Work instructions:
Reproduce every line of the material below exactly. No pictures belong in the copy.

Collected data:

::::::::::

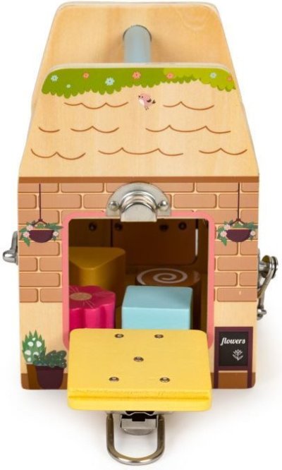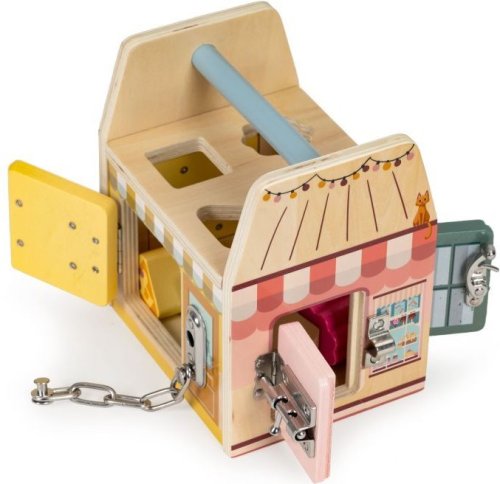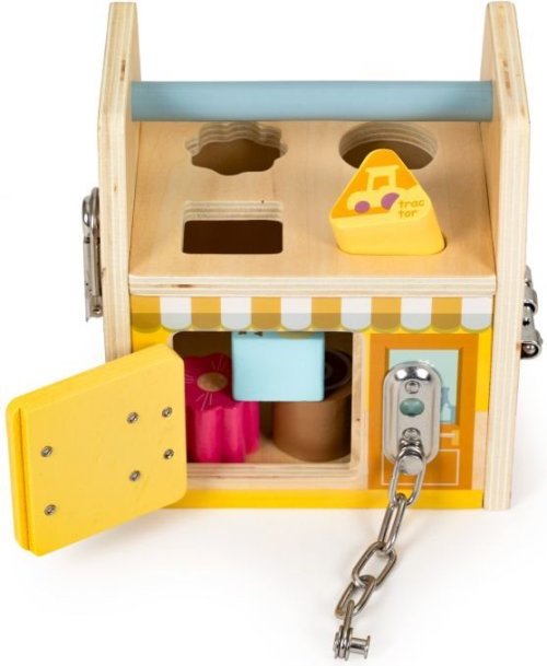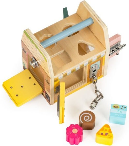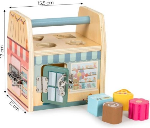 pevná a bezpečná dřevěná konstrukce stěny kostky jsou vybaveny různými zámky, díky kterým mohou děti rozvíjet své poznávací a motorické dovednosti v horní části kostky se nachází třídička kostek, která dítě naučí rozpoznávat barvy a tvary rukojeť umožňuje snadné přenášení rozměry: 15,5 x 17 cm
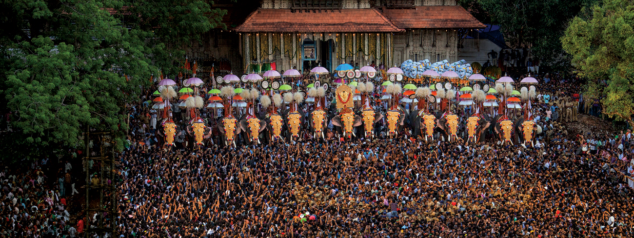 The highlight of Pooram is undoubtedly the Kudamattam ritual, typically held in the evening when the temple grounds, roofs, and adjacent balonies are thronged by approximately one million spectators. Photo: Rajesh Bedi.
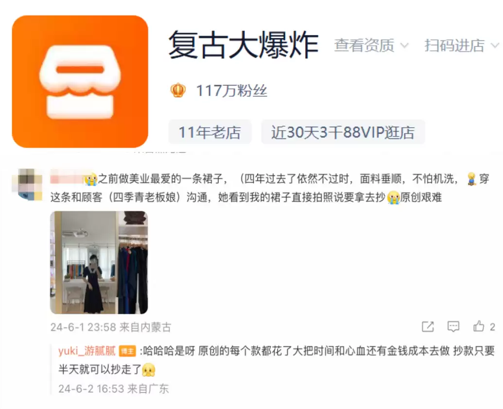 正像2024年,坐拥117万粉丝、11年老店的复古大爆炸宣布闭店,创始人提及行业内抄袭乱象。即便创新品牌推出高质量单品,也难以在抄袭者低价竞争下建立品牌溢价,陷入恶性竞争。

::::::::::

Answer space:
 pevná a bezpečná dřevěná konstrukce stěny kostky jsou vybaveny různými zámky, díky kterým mohou děti rozvíjet své poznávací a motorické dovednosti v horní části kostky se nachází třídička kostek, která dítě naučí rozpoznávat barvy a tvary rukojeť umožňuje snadné přenášení rozměry: 15,5 x 17 cm
 The highlight of Pooram is undoubtedly the Kudamattam ritual, typically held in the evening when the temple grounds, roofs, and adjacent balonies are thronged by approximately one million spectators. Photo: Rajesh Bedi.
 正像2024年,坐拥117万粉丝、11年老店的复古大爆炸宣布闭店,创始人提及行业内抄袭乱象。即便创新品牌推出高质量单品,也难以在抄袭者低价竞争下建立品牌溢价,陷入恶性竞争。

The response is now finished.